Why Manchester is the new creative epicentre of neo-soul and hip-hop
Early in December 2012, Deptford Goth – Daniel Woolhouse to the world – shared his second self-directed video for Union, ‘Life After Defo’s’ emotionally transcendent second single. It featured a balloon-carrying Daniel trudging across the grimmest of windswept hilltops, and felt imbued with echoes of loneliness – but perhaps, with the openness of the natural space, was tinged with airs of hopefulness. Such a mood and aesthetic is extended on ‘Life After Defo’s’ cover: a René Magritte-esque image of a pair of hands against a hyperrealist backdrop of untouched mountainous landscape. In front of ocean blue skies the hands are outstretched and peered upon in that “I’m here, this is happening right now” sort of way we may all catch ourselves mindlessly doing from time to time. It’s an image that conjures an individual voice facing endlessness dead on, trying to find their place in it all.

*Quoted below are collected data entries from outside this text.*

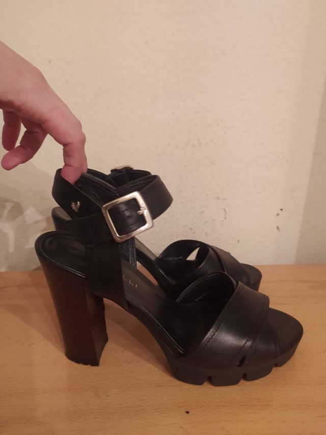 Sandalias de tacón ancho - num.38 (medidas en la foto de las suelas) - piel color negro - hebilla lateral - Poco usadas, en muy buen estado
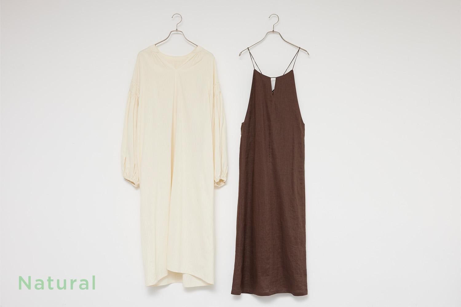 (右)リネン素材のキャミワンピは、天然素材が得意なナチュラルにベストマッチ。高品質として知られる、フランスノルマンディ地方のリネンを使用しているので、ナチュラルな風合いのなかに上品な光沢感があるのも魅力。リゾートでもタウンでも活躍する1枚です。
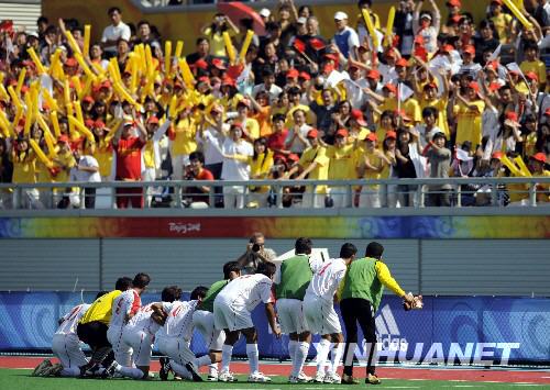 終場哨音響起,他們集體跑向北側(cè)邊線,彼此手搭肩頭站成橫排,然后雙膝跪地,向看臺上為他們加油的中國觀眾表達(dá)感激之情。意外的舉動,令現(xiàn)場觀眾先是一愣,隨即報(bào)以更熱烈的掌聲與吶喊。
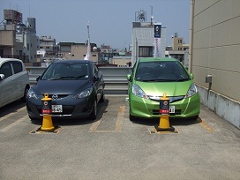② 右手側にある駐車場がステーション
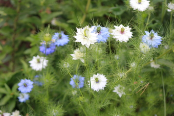 Das Foto zeigt Blüten der Jungfer im Grünen (Nigella damascena). Diese einjährige Pflanze aus der Familie der Hahnenfußgewächse kommt aus dem Mittelmeerraum und ist eine in Mitteleuropa häufig kultivierte Gartenpflanze. Das Bild ist unter CC0 lizenziert und kann somit frei verwendet werden.

While it’s been a few years coming, it feels important to state how much ‘Life After Defo’ elaborates so powerfully on the Deptford Goth project from 2011’s ‘Youth II’ EP. The vocals back then were often candy-wrapped in AutoTune, and on a concentrated listen of Real Love Fantasy, Woolhouse’s delivery felt intentionally buried in the mix – tweaked that bit lower than what the ear anticipates. Here, Woolhouse’s voice operated as one of many smudges of paint on the palette. From the mists first clearing over the titular opener, to the quietly devastating murmur of “be cool my heart” on the lonely synths of Lions, there’s scarcely a moment where such a claim could be made on ‘Life After Defo’.
Deptford Goth – Union
While what Deptford Goth builds with voice – its languidness and masked reserve – belongs in line with fellow London pop-abstractors such as The xx and James Blake, it’s the way this mood is played off lyrically that really resonates. In a Guardian interview this weekend with Dummy’s Ruth Saxelby, Woolhouse discussed his wish to skirt away from pop clichés. It’s an intriguing point to raise, as at times the layered images that come through lines like “darkest day ever seen” or “history in the belly of the beast” on Object Objects seem to risk just that. But rather than cliché, they speak to an extremity, a wish to avoid half-measures and reach for end-points.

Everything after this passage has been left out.